You make it sound like holding a US-only portfolio is a new phenomenon that people are finally choosing. When I first invested in index funds, there were no int'l equity index funds available to retail investors in the US. We are fortunate today to have low cost implementations of any asset class that an individual investor should need.abuss368 wrote: Not really. The beauty and simplicity of Jack Bogle’s Two Fund Portfolio is Total Stock and Total Bond. Many Bogleheads are learning that the portfolio will never be below average and are choosing to simplify. It is an encouraging trend.

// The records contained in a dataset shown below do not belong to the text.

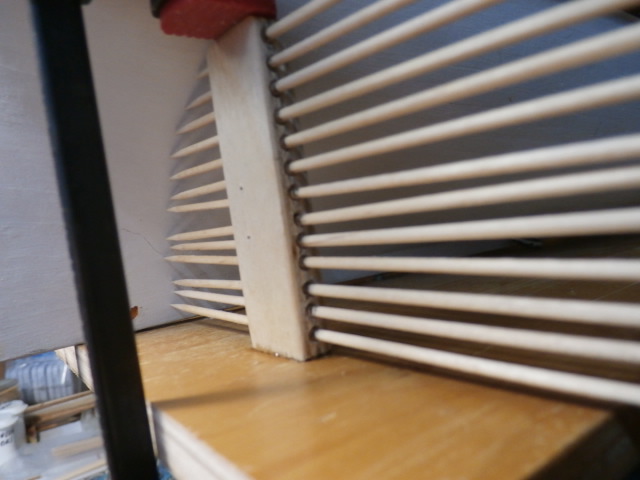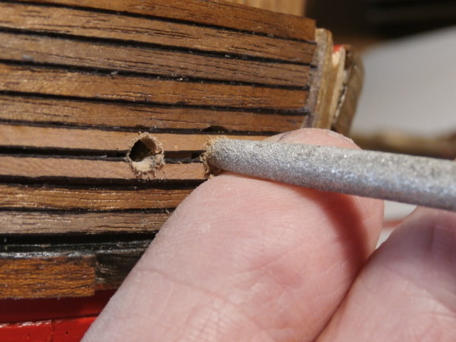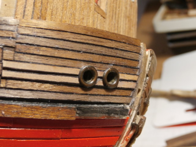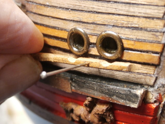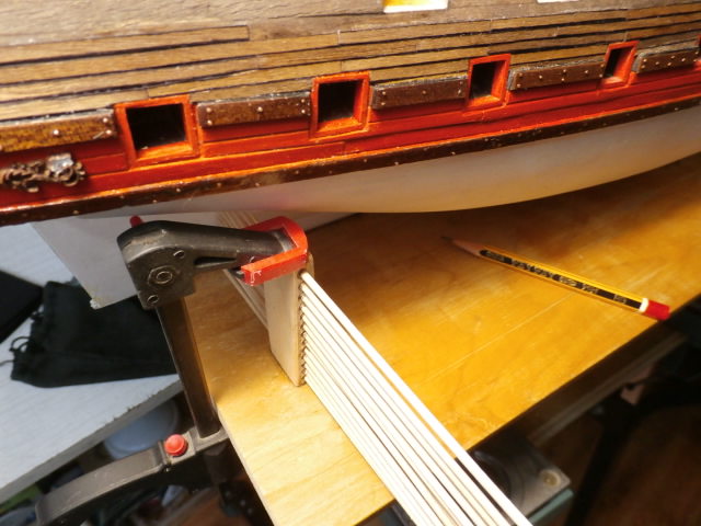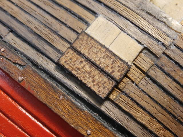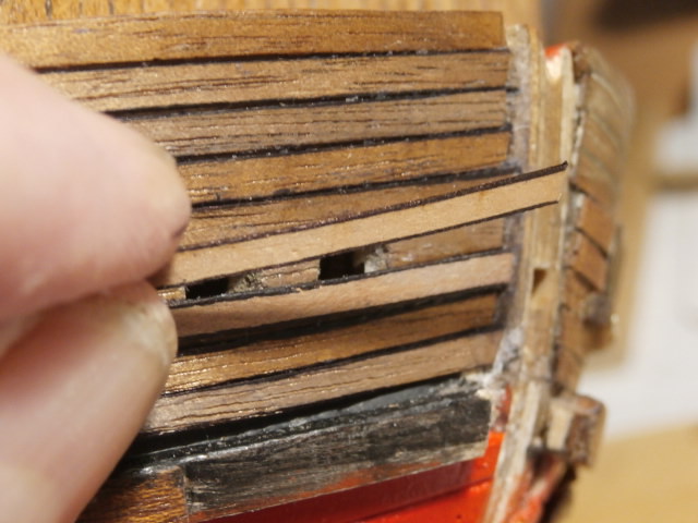 Укладываю две планки из груши. Они будут показывать, что место на корпусе , где установлены якорные клюзы усилено.
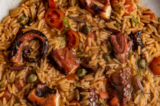 - Αφαιρούμε το χταπόδι από την κατσαρόλα και το κόβουμε σε μικρότερα κομμάτια. Δυναμώνουμε την ένταση της φωτιάς στο μέγιστο και προσθέτουμε το νερό. Μόλις το νερό έρθει σε βρασμό, προσθέτουμε το κριθαράκι, χαμηλώνουμε τη φωτιά στο μέτριο ώστε το φαγητό να σιγοβράζει και μαγειρεύουμε ανακατεύοντας μέχρι το κριθαράκι να μαλακώσει, για 15-20 λεπτά περίπου.
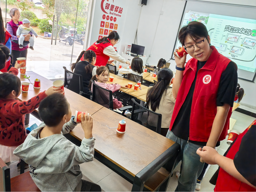 本期课程以“话筒传音”为主题,充满了创意与乐趣。活动现场,志愿者们耐心地为孩子们讲解手工话筒的制作方法,孩子们全神贯注地聆听,一双双明亮的眼睛里充满了好奇与期待。在志愿者的指导下,孩子们纷纷动手,用彩纸、剪刀、胶水等,精心制作出属于自己的手工话筒。不一会儿,一个个色彩斑斓、造型各异的话筒就诞生了。随后,孩子们兴奋地拿着自己制作的话筒,尝试着传音。小小的活动室里充满了欢声笑语。

Over the last 30 years, the trend has been toward more diversification, not less. You can be successful with a US-only portfolio. Vanguard's position is that a US investor should have at least 20% non-US equity. This is a determination not by one person, but by a large organization filled with investment professionals and economists. It is not just Vanguard. Can you find a single target date fund that holds exclusively US equities? Can you find a 401K plan that lacks non-US equity funds? If there is a trend to hold US-only portfolios, nobody has notified the mutual fund and retirement plan industries of that yet.
I have a lot of sentiment for a US-only portfolio. I don't hold non-US bonds. Non-US equities are only 25% of my equity holdings. I won't be happy if things turn out badly for US equities. But if nothing else, Covid has demonstrated how much uncertainty there is in the future. Globalization is still a major force of change in the world with an uncertain outcome. And the unprecedented interventions in economies around the world by central banks is new territory. There is no playbook for how things will unfold in the future.